**PROBLEM TO SOLVE:** Write the listing below out again exactly, dropping the images.

**INFORMATION PROVIDED:**
────────────────

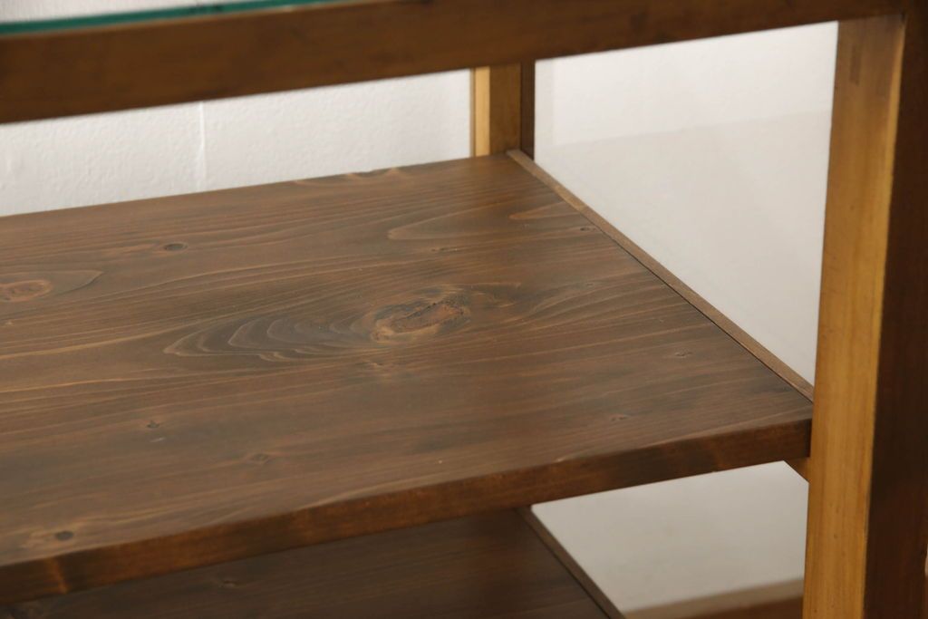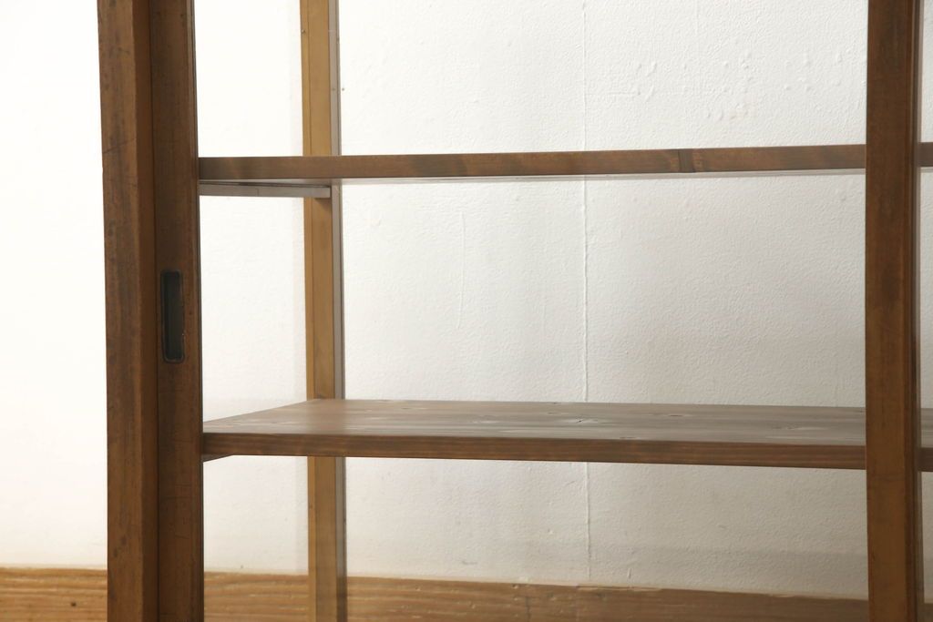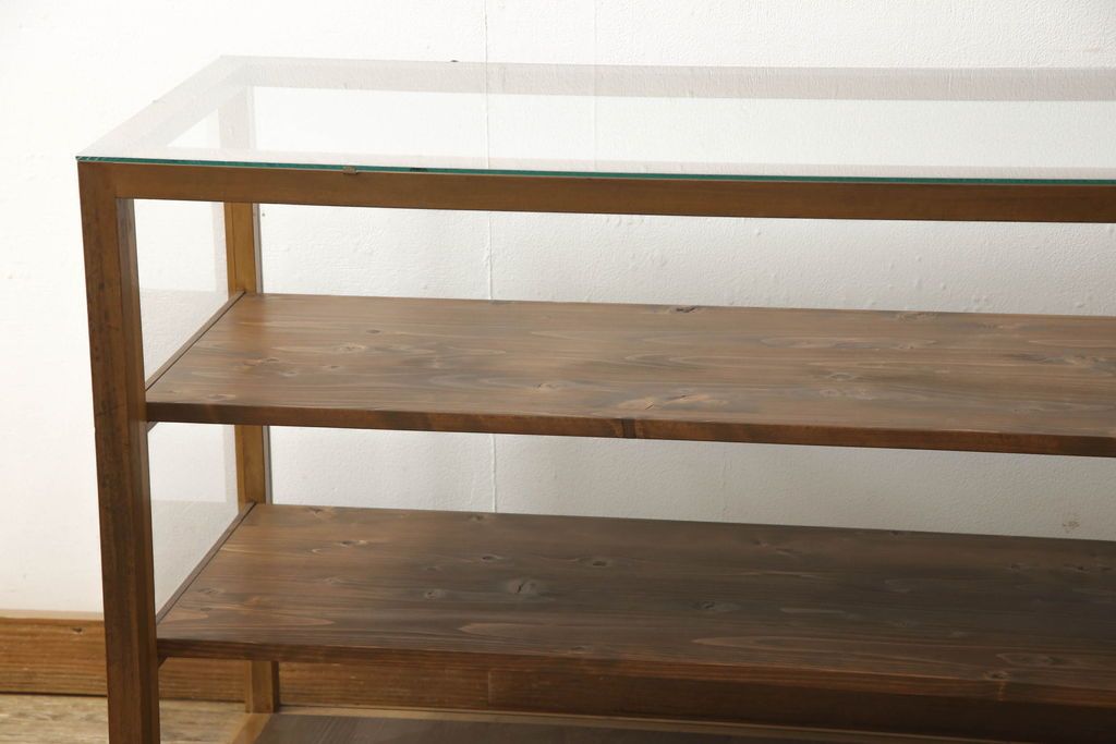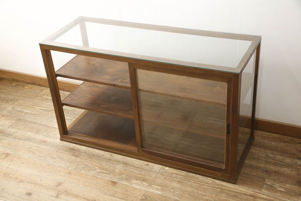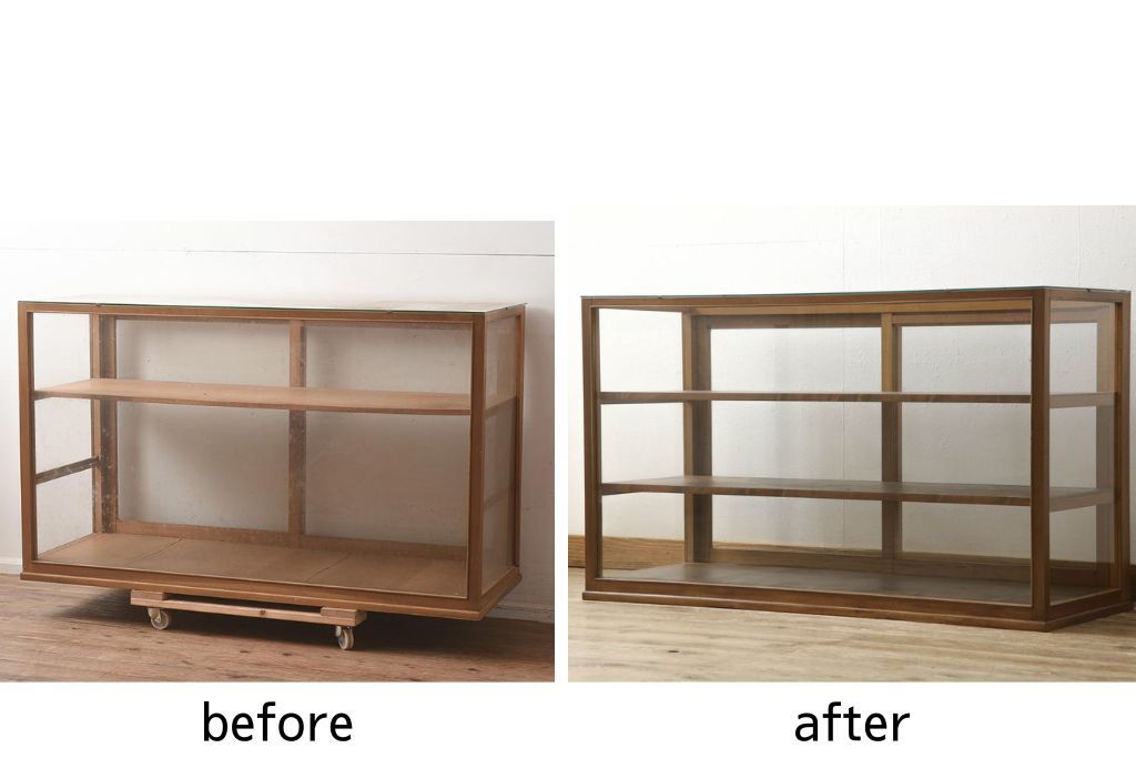 ガラスケースをリペア&カスタム!欠損している棚板を製作し、現状の品物に合わせて1トーン程落ち着いた色に着色。(ショーケース、陳列棚、飾り棚)
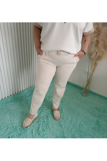 Dámské elastické kalhoty značky Livans ve více barevných provedeních. Kalhoty mají v pase gumu a součástí je opasek. Kalhoty mají vzadu i na bocích kapsy. Kalhoty jsou velmi elastické. Velmi pohodlný model pro různé stylizace.
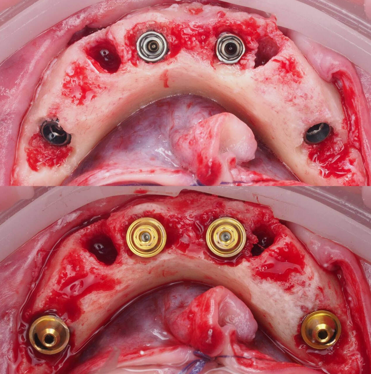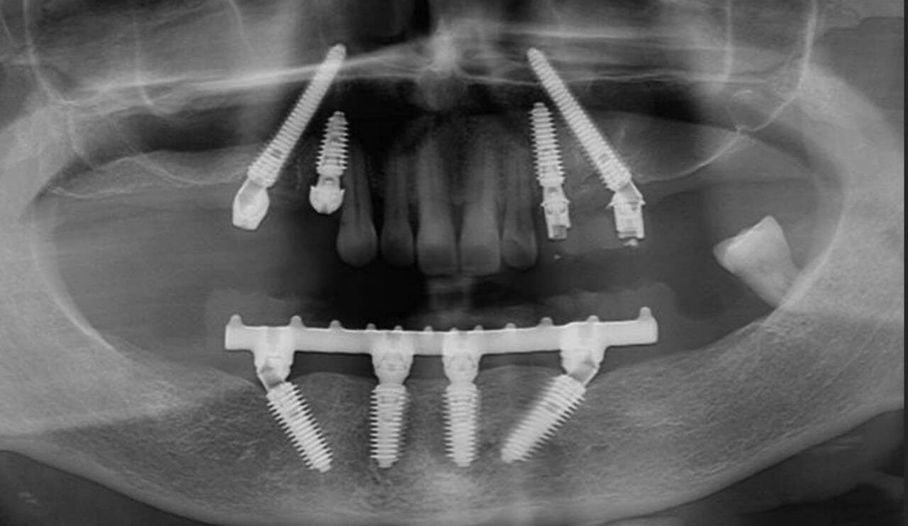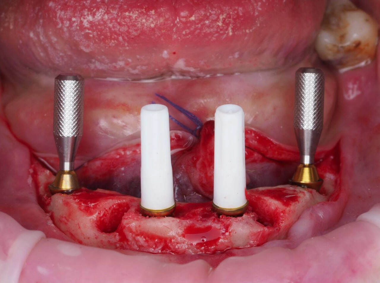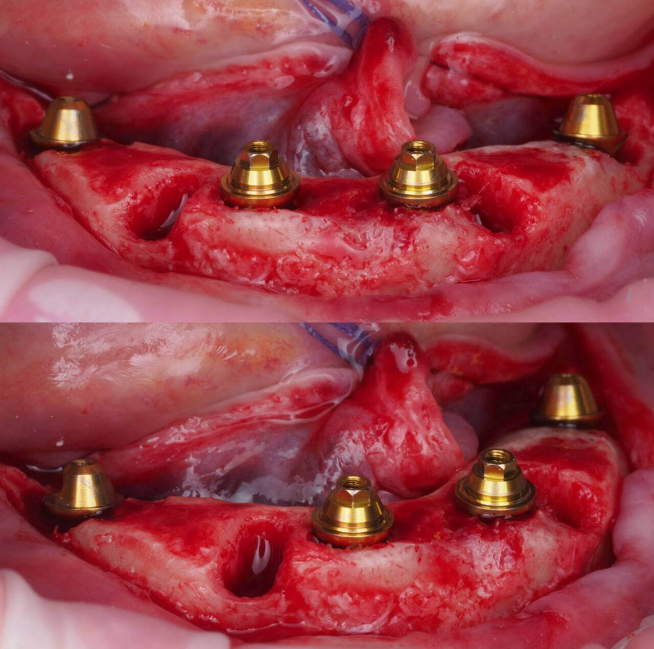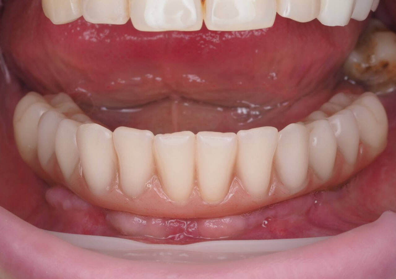 После фиксации временного протеза на верхней челюсти проведена операция на нижней челюсти.

────────────────

**ANSWER BOX:**
 ガラスケースをリペア&カスタム!欠損している棚板を製作し、現状の品物に合わせて1トーン程落ち着いた色に着色。(ショーケース、陳列棚、飾り棚)
 Dámské elastické kalhoty značky Livans ve více barevných provedeních. Kalhoty mají v pase gumu a součástí je opasek. Kalhoty mají vzadu i na bocích kapsy. Kalhoty jsou velmi elastické. Velmi pohodlný model pro různé stylizace.
 После фиксации временного протеза на верхней челюсти проведена операция на нижней челюсти.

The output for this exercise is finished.